● EXERCISE PROMPT
Below, locate the line that contains "打球总嫌鞋重、闷脚的兄弟,这". Repeat exactly from that line to the line that contains "蔡琴的发言中着力介绍了浙博所", inclusive, leaving out the pictures.

● SUPPLIED ENTRIES
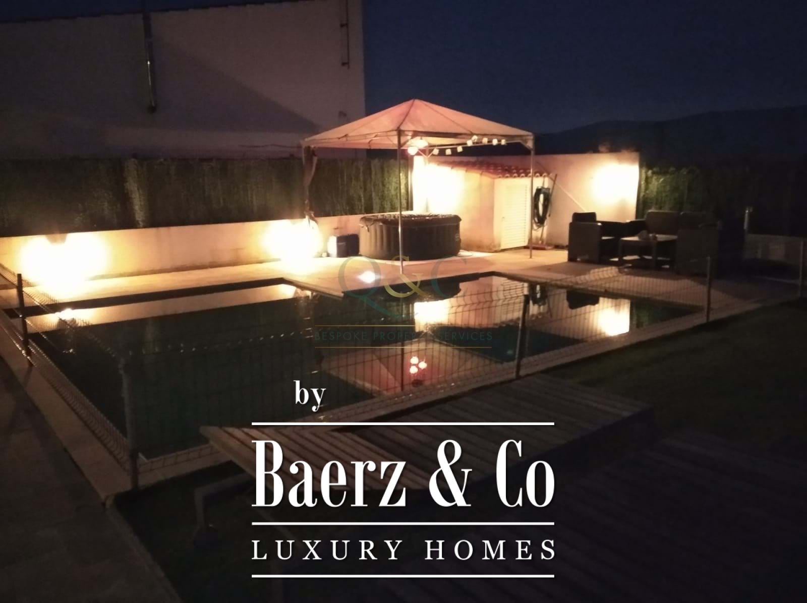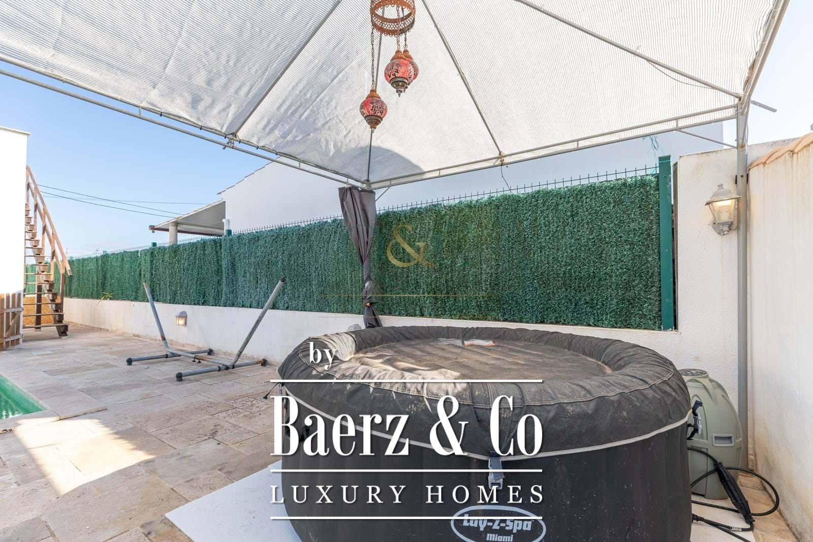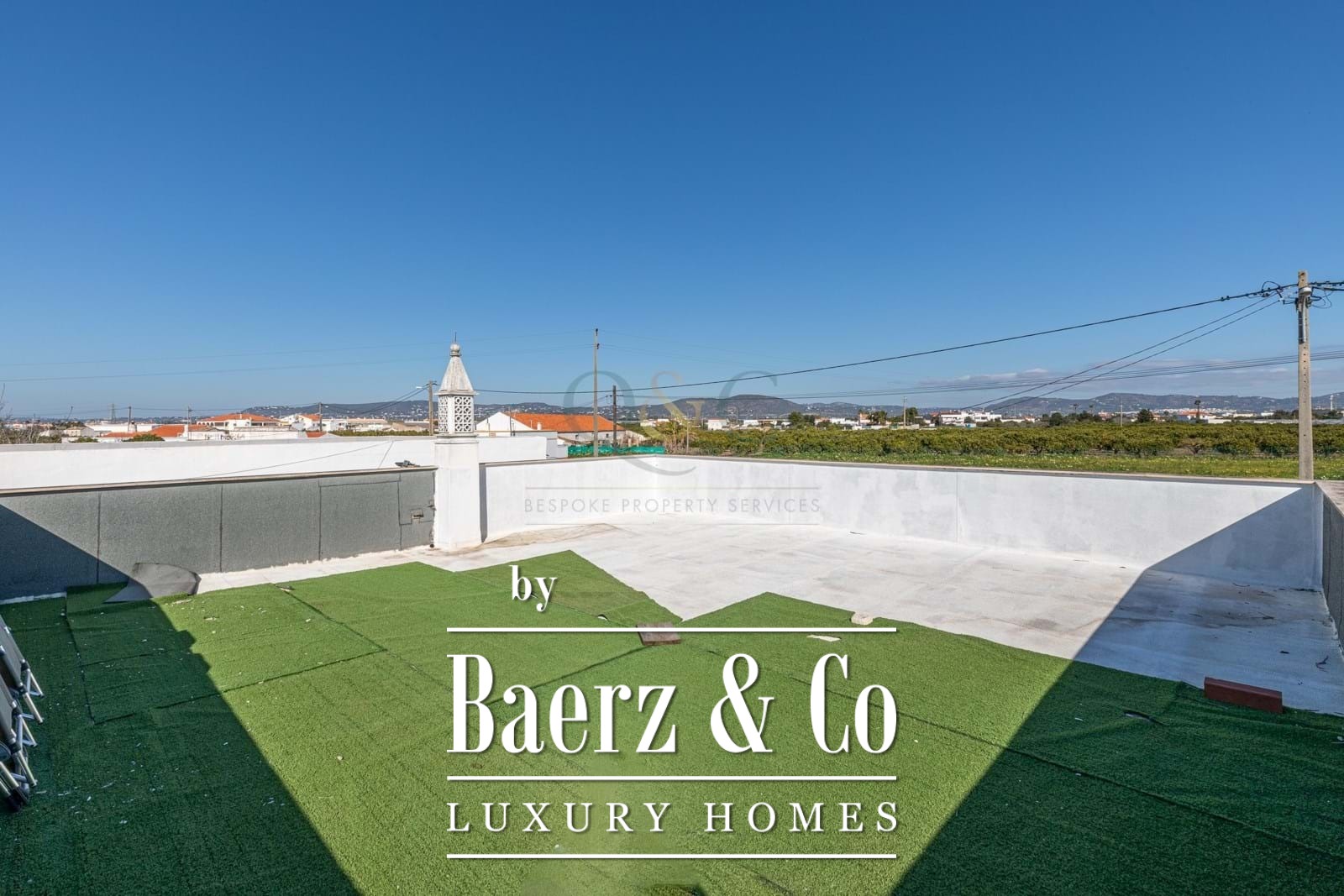 The garden is fully enclosed with double gates leading to secure off-road parking with space for 2 cars. The L-shaped pool with swimming pool with surrounding terracing, pergola & hot tub offers a great area to relax and entertain: the astroturf lawn is set off by well-planted surrounding flower beds. Stairs from the garden also lead to a spacious roof terrace with both views across the countryside and to Faro: The solar hot water and air conditioning units for the property are located also on this roof area.
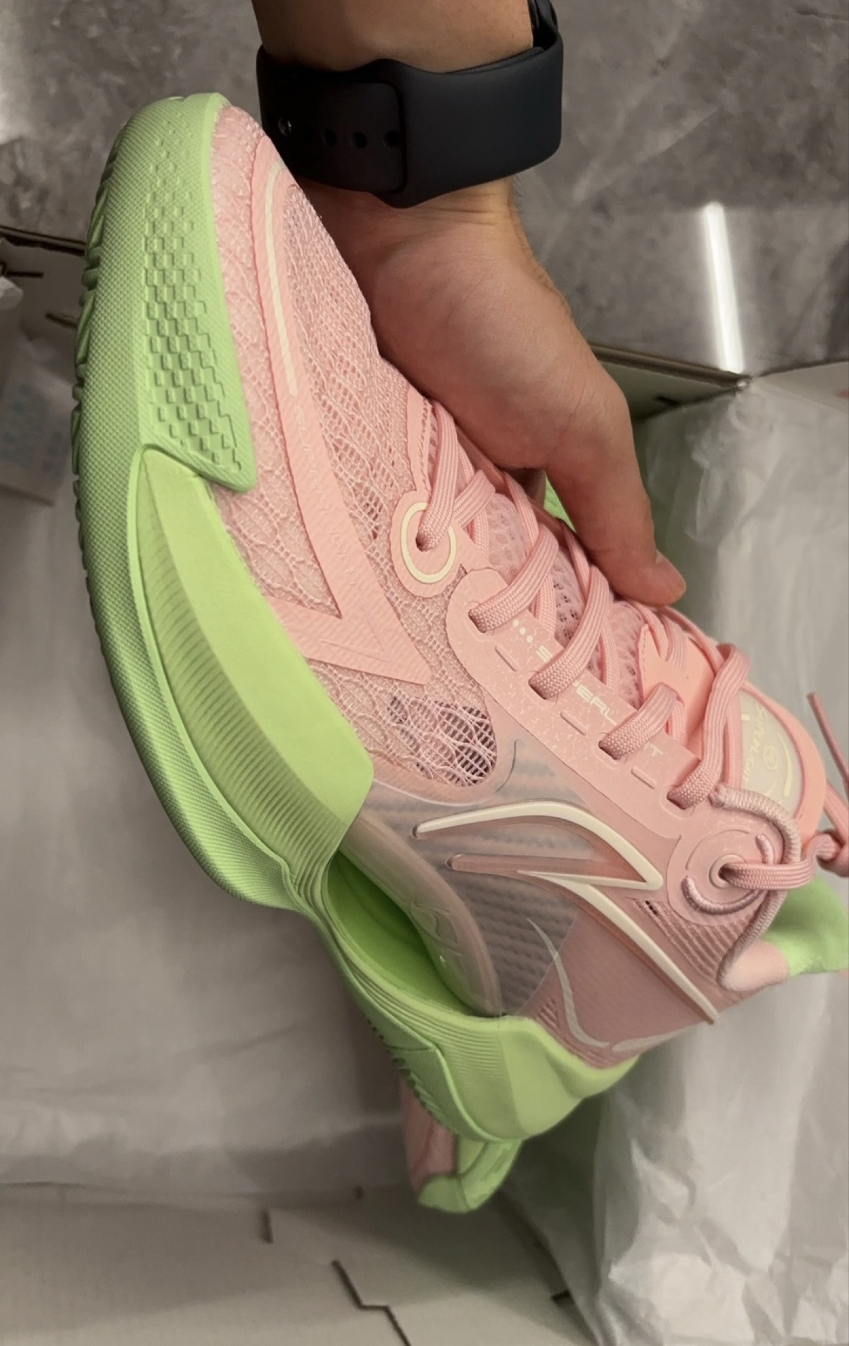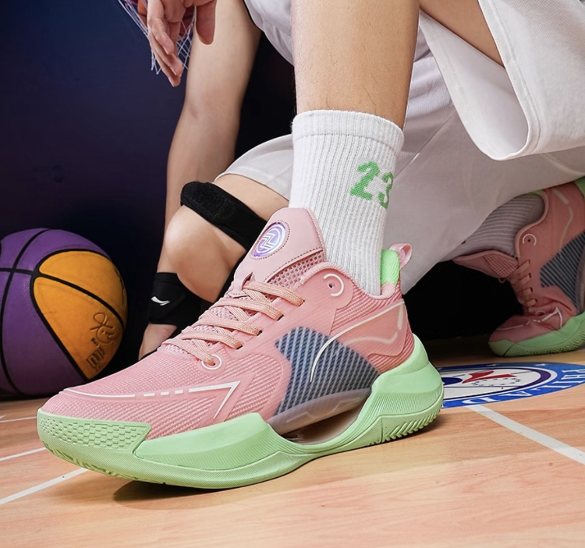 打球总嫌鞋重、闷脚的兄弟,这双真的救大命!上脚轻得像没穿鞋,网面巨透气,夏天打一下午也不闷汗。缓震够弹,启动不拖沓,抓地也稳,变向不打滑。粉绿配色颜值直接拉满,球场回头率爆表。喜欢的兄弟点个关注,好鞋不等人!
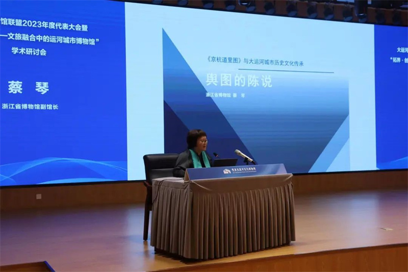 蔡琴的发言中着力介绍了浙博所藏《京杭道里图》,论述了博物馆作为历史文化的收藏者,应理解图绘特点并将图中信息转化为展览语言,力求在古今重叠型历史城市的发展中,切实表达出城市形态和社会网络的延绵传承,洞悉先人对古代城市规划、认知和传承方面的创造性智慧。
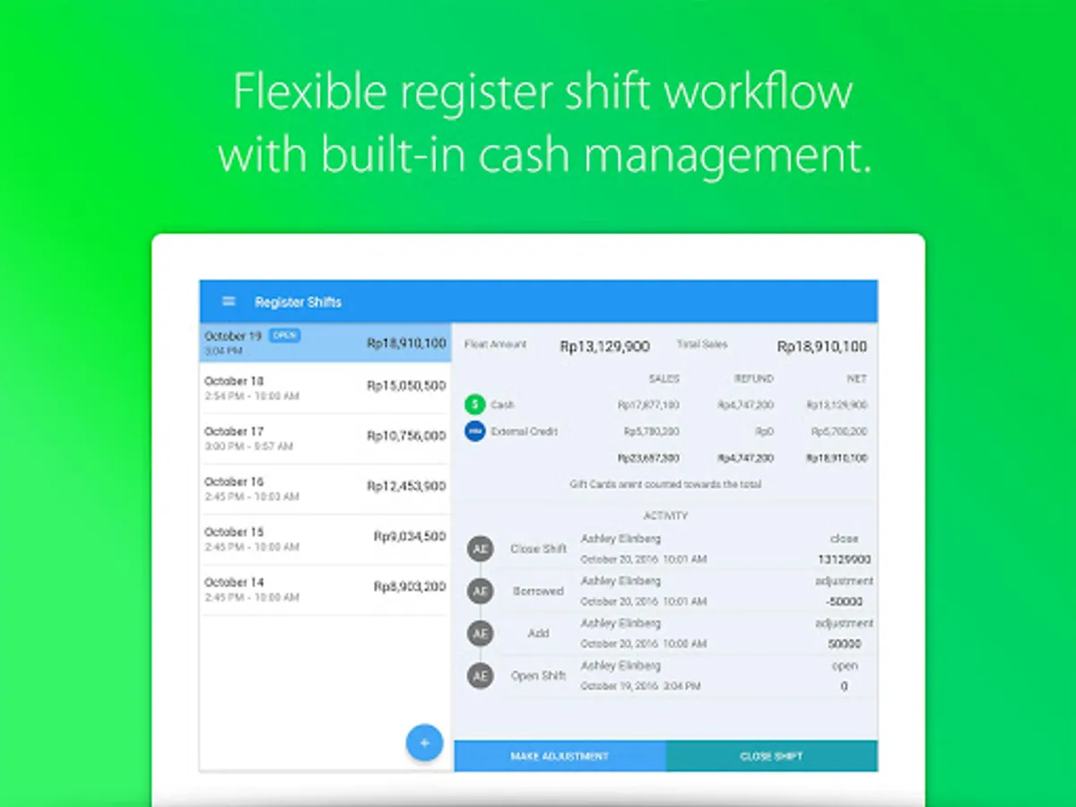 • Track cash register activities with flexible register shift workflow supporting cash adjustments, register shift closing, and expected cash count.
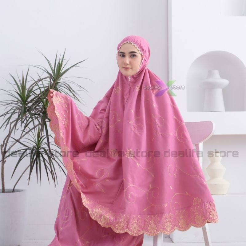 DEALIFA Mukena Dewasa Gracella Ada Tas Bunga Teratai Full Bordir Katun Premium
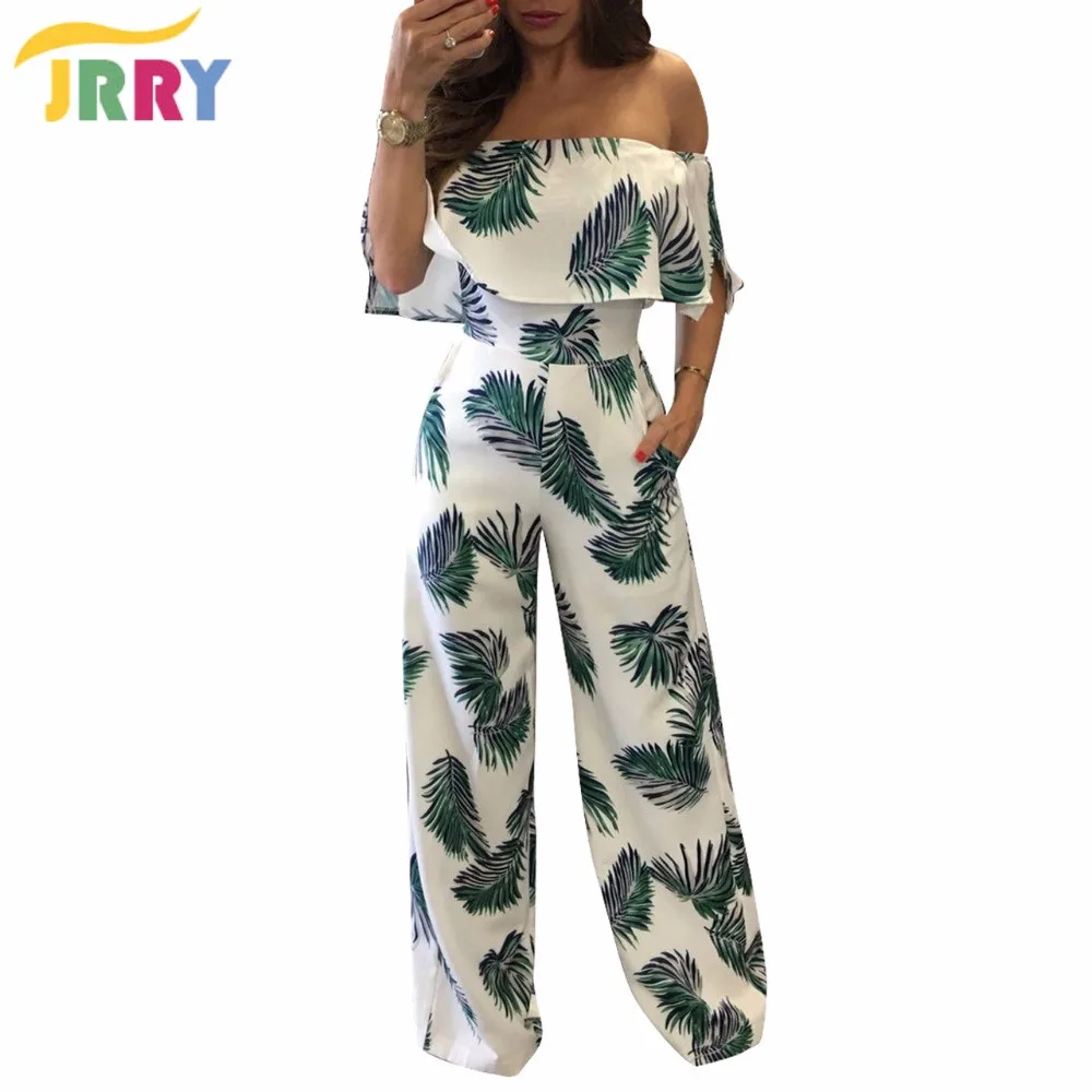 Style:JRRY Casual Slash Neck Pockets Print Women Jumpsuit
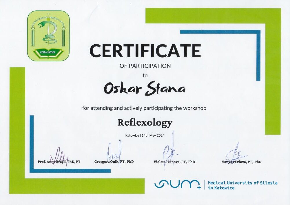 - szkolenie: „Reflexology Katowice, 14.05.2024r – Medical University of Silesia in Katowice

● ANSWER TO THIS EXERCISE
 打球总嫌鞋重、闷脚的兄弟,这双真的救大命!上脚轻得像没穿鞋,网面巨透气,夏天打一下午也不闷汗。缓震够弹,启动不拖沓,抓地也稳,变向不打滑。粉绿配色颜值直接拉满,球场回头率爆表。喜欢的兄弟点个关注,好鞋不等人!
 蔡琴的发言中着力介绍了浙博所藏《京杭道里图》,论述了博物馆作为历史文化的收藏者,应理解图绘特点并将图中信息转化为展览语言,力求在古今重叠型历史城市的发展中,切实表达出城市形态和社会网络的延绵传承,洞悉先人对古代城市规划、认知和传承方面的创造性智慧。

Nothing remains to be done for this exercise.